* _Record set_

Start of Block

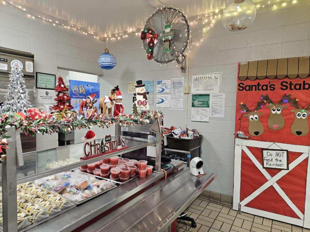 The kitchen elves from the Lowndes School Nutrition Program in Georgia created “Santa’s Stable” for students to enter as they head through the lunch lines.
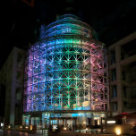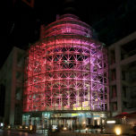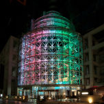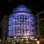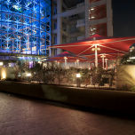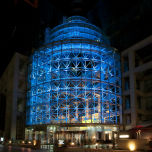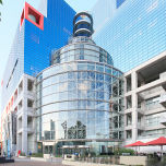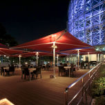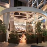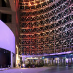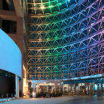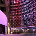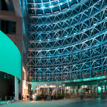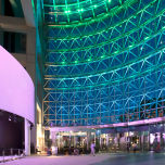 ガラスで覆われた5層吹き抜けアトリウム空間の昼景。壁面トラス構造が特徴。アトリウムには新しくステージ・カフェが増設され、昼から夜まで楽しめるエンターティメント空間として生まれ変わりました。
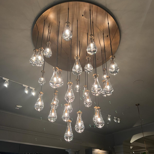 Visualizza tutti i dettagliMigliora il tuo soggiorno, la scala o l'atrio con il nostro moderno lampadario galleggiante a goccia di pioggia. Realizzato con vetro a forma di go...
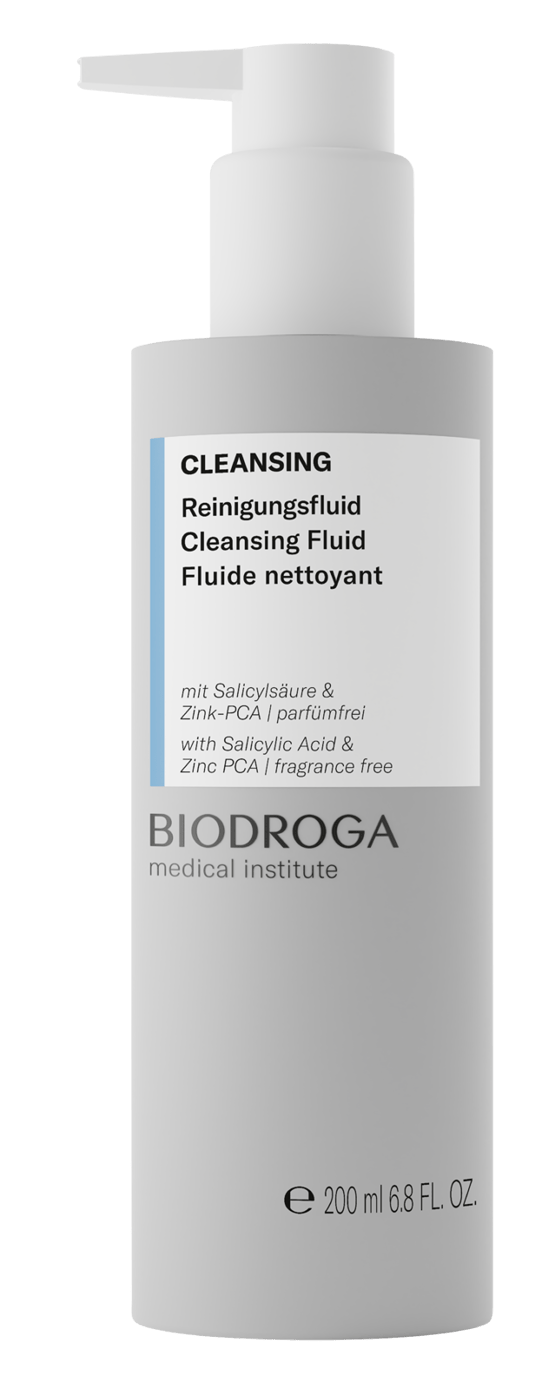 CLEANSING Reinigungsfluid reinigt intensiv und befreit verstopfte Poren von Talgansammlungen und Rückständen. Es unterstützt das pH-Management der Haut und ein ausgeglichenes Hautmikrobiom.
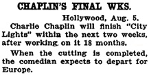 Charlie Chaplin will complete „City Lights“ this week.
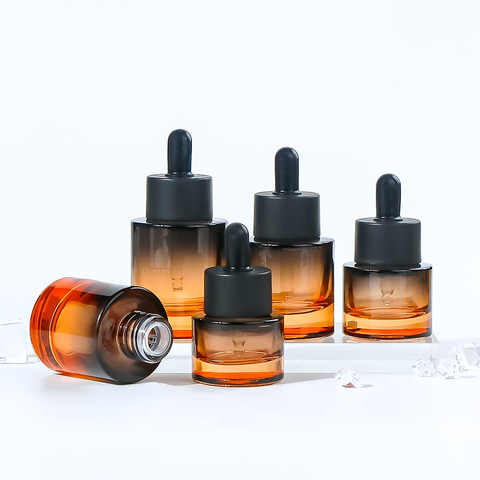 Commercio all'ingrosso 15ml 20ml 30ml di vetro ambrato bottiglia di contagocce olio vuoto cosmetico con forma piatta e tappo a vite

End of Block

Set down the records in full and exactly. Do not carry over any image.

 The kitchen elves from the Lowndes School Nutrition Program in Georgia created “Santa’s Stable” for students to enter as they head through the lunch lines.
 ガラスで覆われた5層吹き抜けアトリウム空間の昼景。壁面トラス構造が特徴。アトリウムには新しくステージ・カフェが増設され、昼から夜まで楽しめるエンターティメント空間として生まれ変わりました。
 Visualizza tutti i dettagliMigliora il tuo soggiorno, la scala o l'atrio con il nostro moderno lampadario galleggiante a goccia di pioggia. Realizzato con vetro a forma di go...
 CLEANSING Reinigungsfluid reinigt intensiv und befreit verstopfte Poren von Talgansammlungen und Rückständen. Es unterstützt das pH-Management der Haut und ein ausgeglichenes Hautmikrobiom.
 Charlie Chaplin will complete „City Lights“ this week.
 Commercio all'ingrosso 15ml 20ml 30ml di vetro ambrato bottiglia di contagocce olio vuoto cosmetico con forma piatta e tappo a vite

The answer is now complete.